The task ::
Take every record and write it out again exactly, with no images included.

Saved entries
:::::

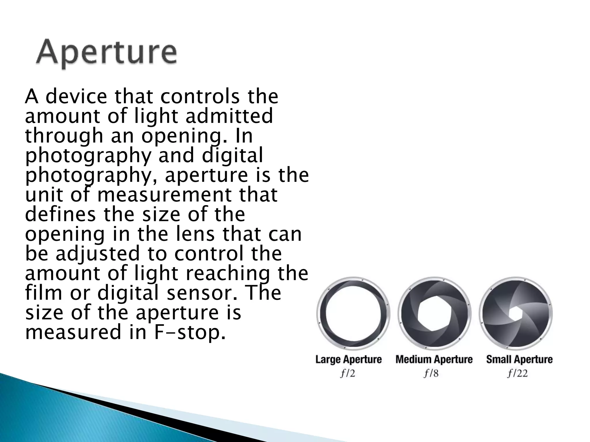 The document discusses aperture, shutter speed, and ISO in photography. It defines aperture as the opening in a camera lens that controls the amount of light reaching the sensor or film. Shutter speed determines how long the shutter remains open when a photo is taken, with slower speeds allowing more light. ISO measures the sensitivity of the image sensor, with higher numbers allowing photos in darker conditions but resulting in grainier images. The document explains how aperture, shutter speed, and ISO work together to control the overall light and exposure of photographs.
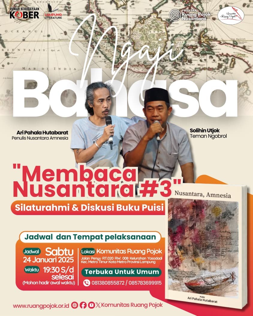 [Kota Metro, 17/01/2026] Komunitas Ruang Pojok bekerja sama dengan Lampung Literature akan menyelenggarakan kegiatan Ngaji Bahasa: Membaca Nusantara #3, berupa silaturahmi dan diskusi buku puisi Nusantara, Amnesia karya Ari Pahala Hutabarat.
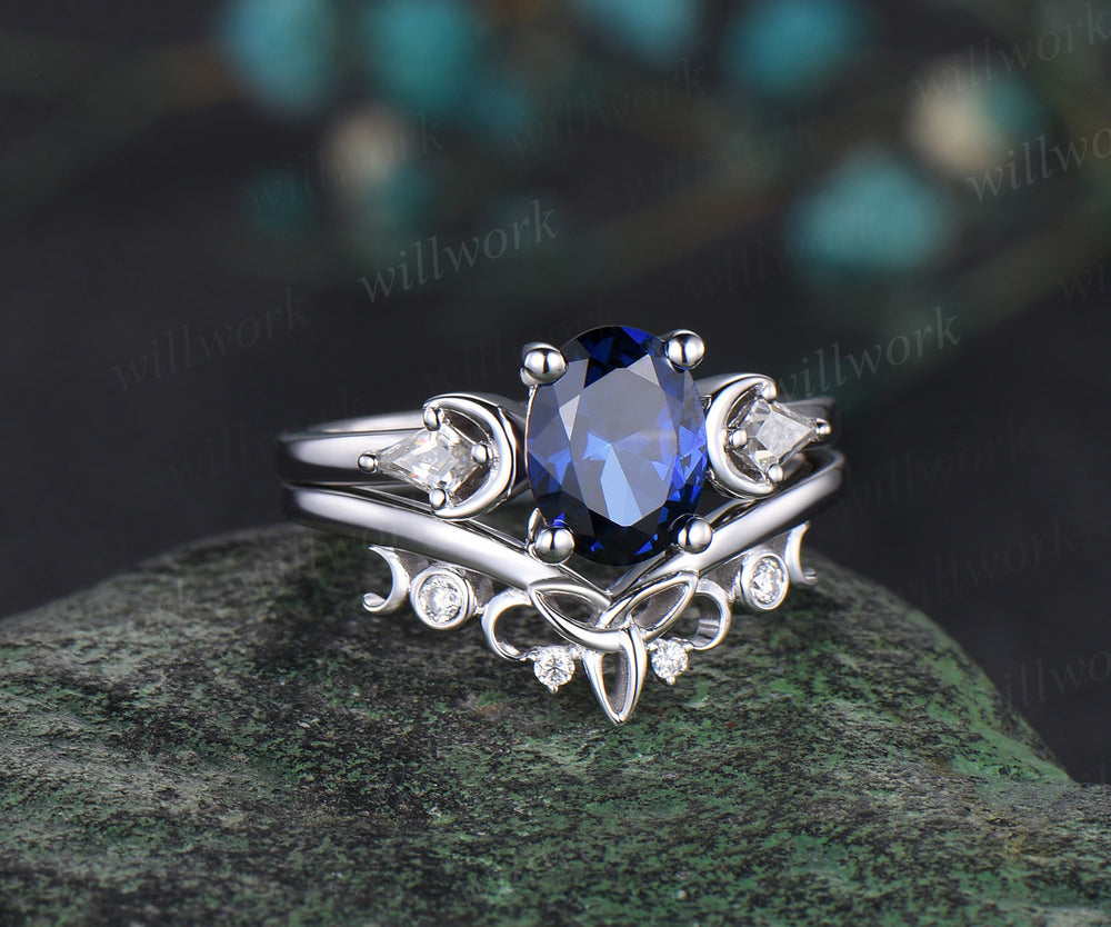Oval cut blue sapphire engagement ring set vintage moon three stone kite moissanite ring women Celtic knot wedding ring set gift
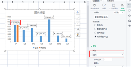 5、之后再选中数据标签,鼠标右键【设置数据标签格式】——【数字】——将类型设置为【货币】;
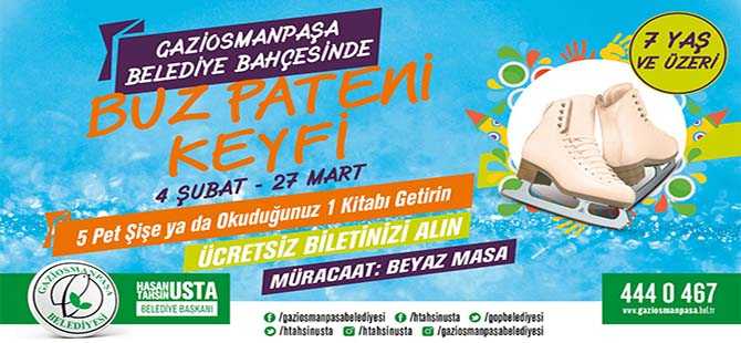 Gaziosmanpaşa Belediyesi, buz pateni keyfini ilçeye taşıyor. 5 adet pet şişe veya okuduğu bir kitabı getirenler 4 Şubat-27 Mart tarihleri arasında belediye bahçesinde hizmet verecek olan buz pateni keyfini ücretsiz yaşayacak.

:::::

Answer section ::
 The document discusses aperture, shutter speed, and ISO in photography. It defines aperture as the opening in a camera lens that controls the amount of light reaching the sensor or film. Shutter speed determines how long the shutter remains open when a photo is taken, with slower speeds allowing more light. ISO measures the sensitivity of the image sensor, with higher numbers allowing photos in darker conditions but resulting in grainier images. The document explains how aperture, shutter speed, and ISO work together to control the overall light and exposure of photographs.
 [Kota Metro, 17/01/2026] Komunitas Ruang Pojok bekerja sama dengan Lampung Literature akan menyelenggarakan kegiatan Ngaji Bahasa: Membaca Nusantara #3, berupa silaturahmi dan diskusi buku puisi Nusantara, Amnesia karya Ari Pahala Hutabarat.
Oval cut blue sapphire engagement ring set vintage moon three stone kite moissanite ring women Celtic knot wedding ring set gift
 5、之后再选中数据标签,鼠标右键【设置数据标签格式】——【数字】——将类型设置为【货币】;
 Gaziosmanpaşa Belediyesi, buz pateni keyfini ilçeye taşıyor. 5 adet pet şişe veya okuduğu bir kitabı getirenler 4 Şubat-27 Mart tarihleri arasında belediye bahçesinde hizmet verecek olan buz pateni keyfini ücretsiz yaşayacak.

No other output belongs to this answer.